• **DATA**
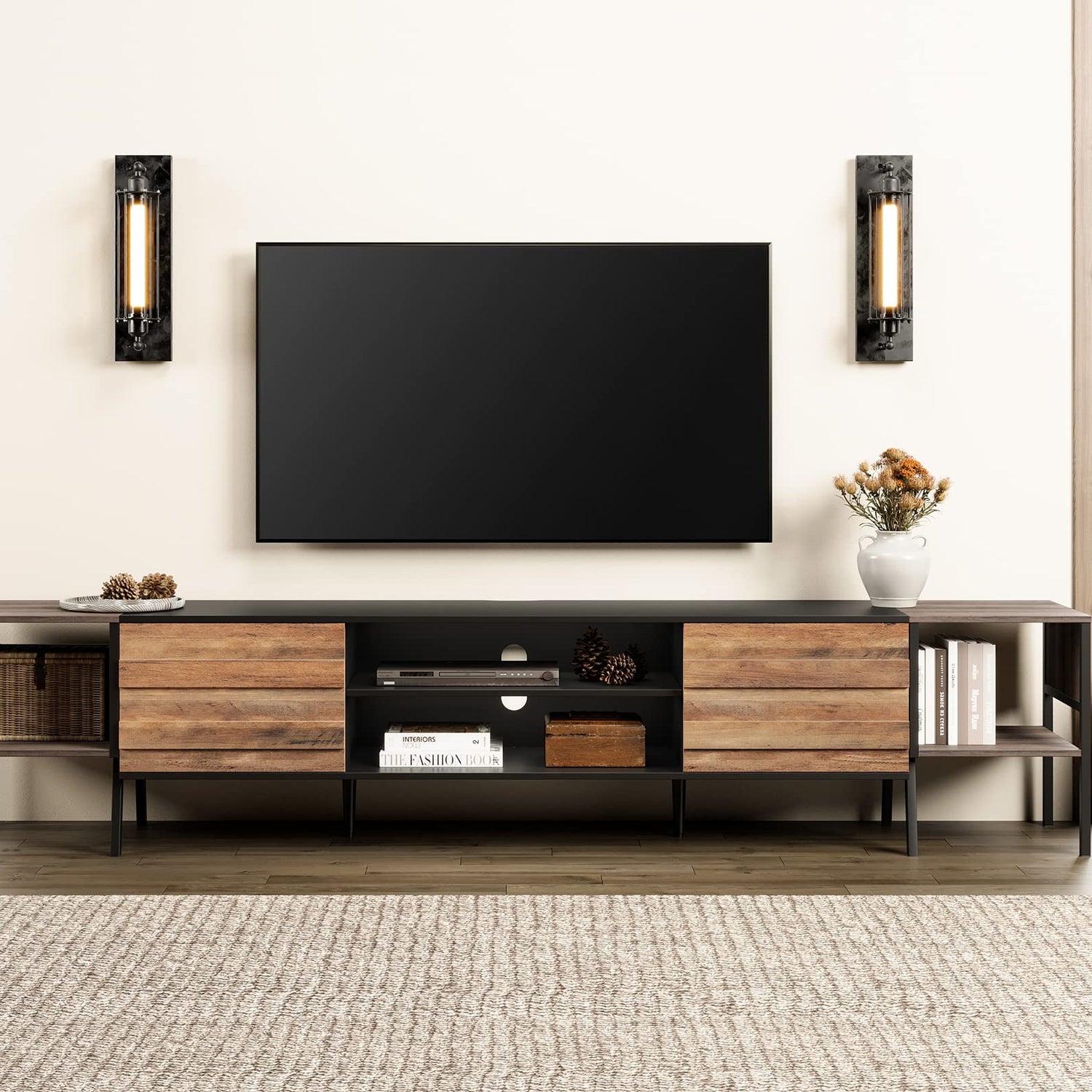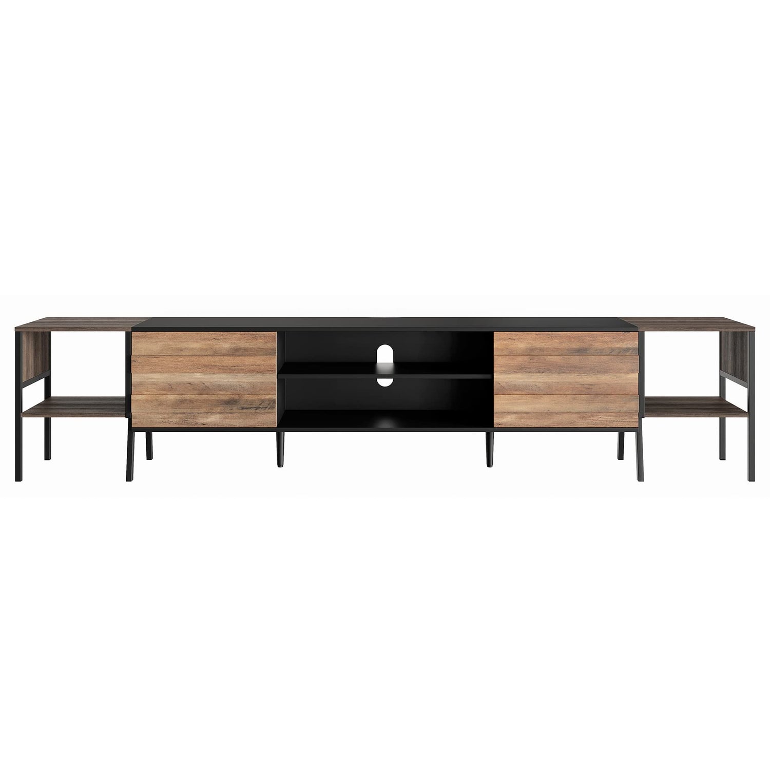 - 【TV Stand with Detachable End Table】The 70 inch tv stand comes with two 15.7 inch end tables from the same series. So you could splice them to get a 85 inch TV stand or 100 inch TV stand according to your needs. The side tables can be simply fixed to the TV cabinet by screws, but pls note that the side tables can not be used alone.
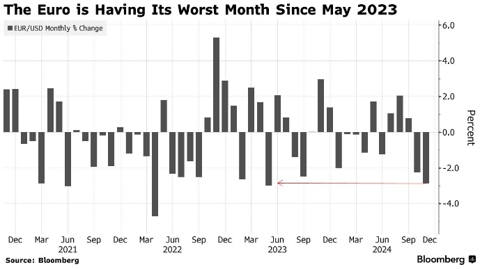 В ноябре единая валюта потеряла около 3% стоимости, достигнув отметки в 1,0575 доллара, что близко к двухлетнему минимуму, зафиксированному в начале месяца. Это стало самым значительным падением за месяц с мая 2023 года.
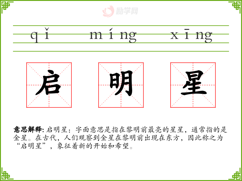 启明星:字面意思是指在黎明前最亮的星星,通常指的是金星。在古代,人们观察到金星在黎明前出现在东方,因此称之为“启明星”,象征着新的开始和希望。
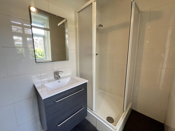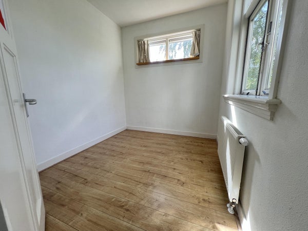 De keuken is functioneel ingericht en voorzien van een gas kookplaat, afzuigkap, koel-vriescombinatie en voldoende opbergruimte. Via de keuken en hal bereik je de badkamer, uitgerust met een wastafel met kastruimte, een douchecabine en een aansluiting voor wasmachine en droger. Achterin de woning bevindt zich de slaapkamer, met genoeg ruimte voor een tweepersoonsbed en een kledingkast. Vanuit hier heb je zicht op de tuin, wat zorgt voor een rustige en ontspannen sfeer.
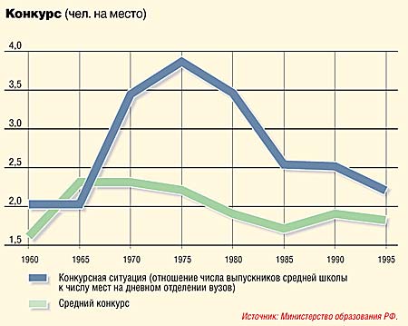 Престижные вузы, где конкурс в советские времена составлял пять, а то и десять человек на место, оказались в трудном положении: резкое увеличение числа мест в институтах — и числа самих институтов — привело к падению конкурса. В принципе в этом нет ничего страшного. На Западе лишь очень немногие знаменитые на весь мир университеты имеют возможность отбирать абитуриентов по их академическим достижениям. Большинство университетов принимают 90% желающих, отказывая лишь заведомо слабым. Аналогичная ситуация, кстати, была в СССР в начале 1960-х годов, когда дневные отделения вузов могли принять почти столько же молодежи, сколько заканчивало среднюю школу. Впоследствии конкурс стал расти и достиг максимума в середине 1970-х годов, когда поступить на дневное отделение мог лишь каждый четвертый выпускник средней школы (см. рисунок). С тех пор число мест в вузах постоянно увеличивалось, а число выпускников — сокращалось.

• **PROBLEM TO WORK ON**
Please output, exactly as written, the lines above from the one holding "В ноябре единая" through the one holding "启明星:字面意思是指在黎明前", both included, with the pictures omitted.

• **SOLVED EXERCISE**
 В ноябре единая валюта потеряла около 3% стоимости, достигнув отметки в 1,0575 доллара, что близко к двухлетнему минимуму, зафиксированному в начале месяца. Это стало самым значительным падением за месяц с мая 2023 года.
 启明星:字面意思是指在黎明前最亮的星星,通常指的是金星。在古代,人们观察到金星在黎明前出现在东方,因此称之为“启明星”,象征着新的开始和希望。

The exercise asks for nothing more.